Mevzumuz iman ya da imansızlık değil, kökleşmiş imansızlık gibi kökleşmiş fikirlere sahip olanlardır. Kimsenin dini, imanı, bizim meşgalemiz değildir. Ama kökleşmiş yanlış fikirler, herkesi bir nebze de olsa, ilgilendirir!
‘’Derviş işi, aşk’a zikir; kalmadı onda, başka fikir!’’ olsa, her şeyden iyi!

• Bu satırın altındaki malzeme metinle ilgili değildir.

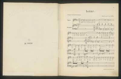 [pl-text: Druk oprawiony w obwolutę z napisem: "Wypożyczalnia otwarta od godz. 9 do 1 i od 3 do 7 wieczór. | Z Magazynu Nut i Wypożyczalni Nowości Muzycznych | Bernarda Połonieckiego we Lwowie ul. Kl. Tańskiej L. 1. | Delibes | Lakmé. | Śpiew".], [pl-text: Stemple: "SKŁAD NUT | KSIĘGARNI POLSKIEJ | we LWOWIE." i "Z Wypożyczalni Nowości Muzycznych | Barnarda Połonieckiego we Lwowie.".], [pl-text: na odwrocie karty tytułowej okrągła pieczątka „BUŁ”. Poniżej sygnatura „M 16536”.], On the insert of the title page circle stamp "BUŁ". Signature below "M 16536"., [pl-text: wewnątrz notatki wprowadzone ołówkiem], Inside handwritten notes with pencil

2000’li yılları Aksaraylılar olarak, Aksaray’ın tanıtılmasında çoğunlukla, işte bu kafada insanlarla, ete dişe dokunmayan işlerle, göze ve gönle hoş gelmeyen restorelerle, tavuğu cücüğe çeviren, çok da önemli sayılamayacak şeyler yaparak ya da bazen hiçbir şey yapamadan ‘’şehrimiz tanınmıyor, Aksaray’ımız bilinmiyor, televizyonlarda, gazetelerde görülmüyor, duyulmuyor!’’ diye diye, diye diyee aştık. Allah’tan bir dönem uzaylılar yardımımıza koştu da, biraz olsun Türkiye’ye sesimizi duyurduk!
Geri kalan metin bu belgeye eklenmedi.